Director’s Corner

First 5 Executive Photo- Kimberly MedeirosOur Talk, Read, Sing campaign is in full swing! We want parents to know that it’s not just about the number of words your children are exposed to each day, but it’s just as important to have meaningful, engaging conversations with your children. Research has shown that genuine and meaningful conversations help young children develop larger vocabularies and strengthen parent-child relationships—strong predictors for a child’s ability to succeed in school.

From the moment they are born, you can encourage your child’s attempt to communicate (cries, gestures, coos, babbles) by giving words to what they are expressing. Talk through your daily routines and activities and as their language develops, ask open-ended questions that encourage them to use their critical thinking skills and respond using more than one-word responses.

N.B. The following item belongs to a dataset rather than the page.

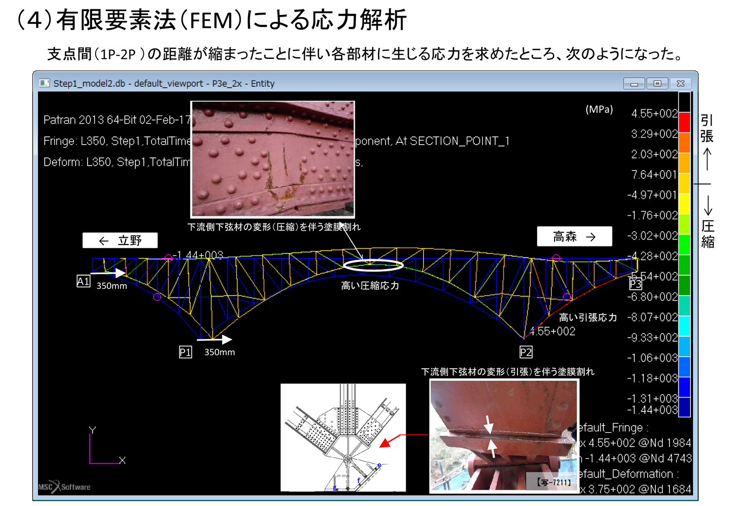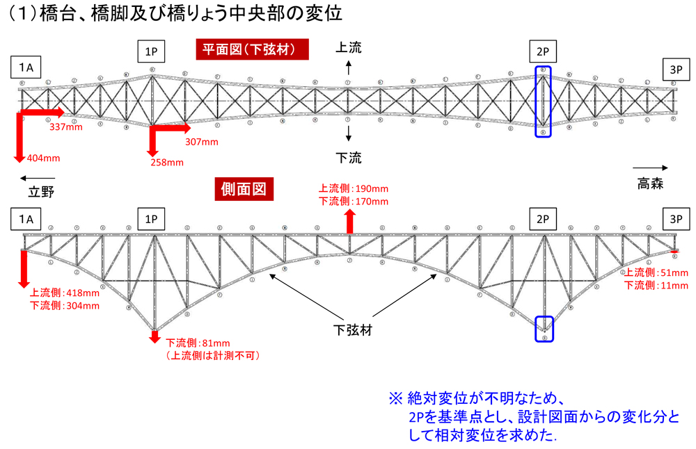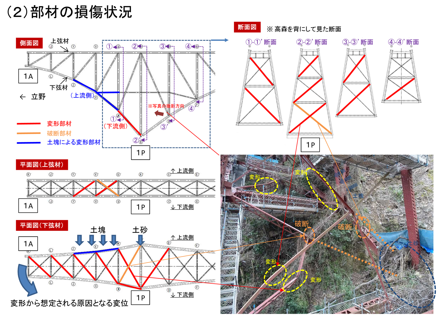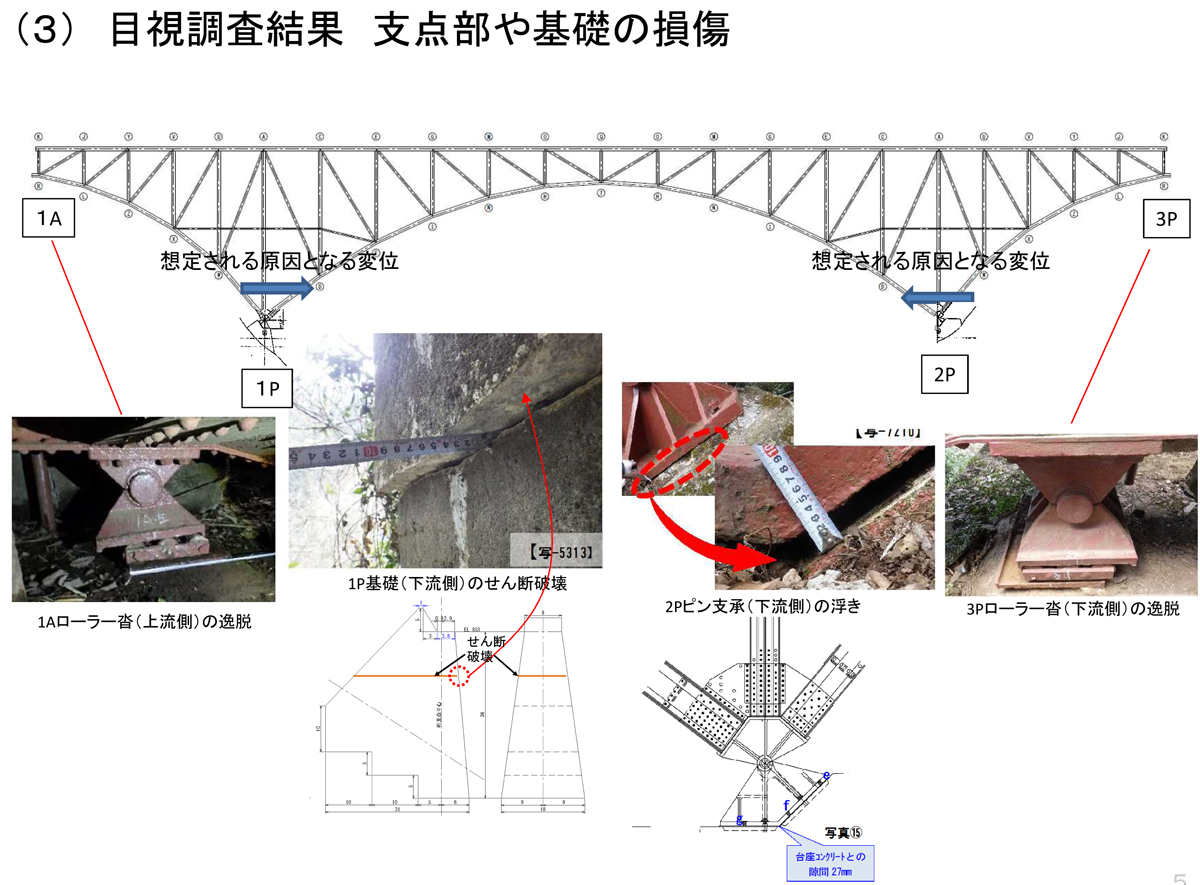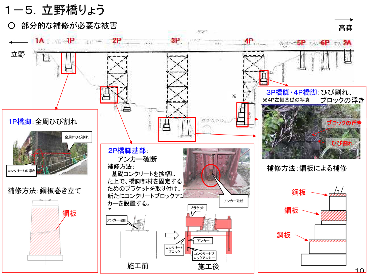 立野橋りょう(大正13年に供用されたトレッスル橋脚を有する鋼プレートガーダー橋)については、1P橋脚(コンクリート形式)では全周ひび割れ、2P橋脚基部(トレッスル橋脚)では一部でアンカー破断、3Pおよび4P橋脚(トレッスル橋脚)ではトレッスル橋脚基礎のひび割れ、ブロックの浮きが確認された。その復旧方法として1P橋脚は鋼板巻き立て、2P橋脚は基礎コンクリートを拡幅し、ブラケットを取り付けて新たに設置したコンクリートブロックにアンカーで繋げる補強方法、3P、4Pについては鋼板による補強をそれぞれ報告している。

Here are some tips to keep in mind when talking to your children:

  • Give them your full attention. Show your children you are interested in their conversations by making eye contact and using responsive facial expressions.
  • Praise your child’s response or comments by providing specific praise or meaningful feedback. For example, instead of “good job” say “You are a great helper.”
  • Be patient and give your children a few extra seconds to respond. Allow your children to fully answer a question without interruption.
  • Practice back-and-forth conversation by asking more questions and letting your child answer.
  • Use playful language such as songs, rhyming games, and novel sounds.

So the next time you are at the grocery store, the playground, or driving in the car, take the opportunity to engage your children in the experience by finding opportunities to initiate conversation about what they see. “What is your favorite fruit? Tell me why it is your favorite.” “What color is the sand?” “We are at a stop light. What color does red, yellow, and green mean?” When mealtime comes, sit with your children and ask questions about the meal, their day, and emotions. “Are the tomatoes sweet?” “Who did you play with today?” Bath time is a great place to have fun and silly conversations. “I’m going to put bubbles on your head.” At bedtime, have your children select a book you’ll read together, “Let’s pick out a book we can read together.” While reading the story, ask them questions to predict what they think will happen, “Who do you think will win the race?”

Rich experiences such as these set the foundation for your child’s language and critical thinking skills essential to their success in school and life.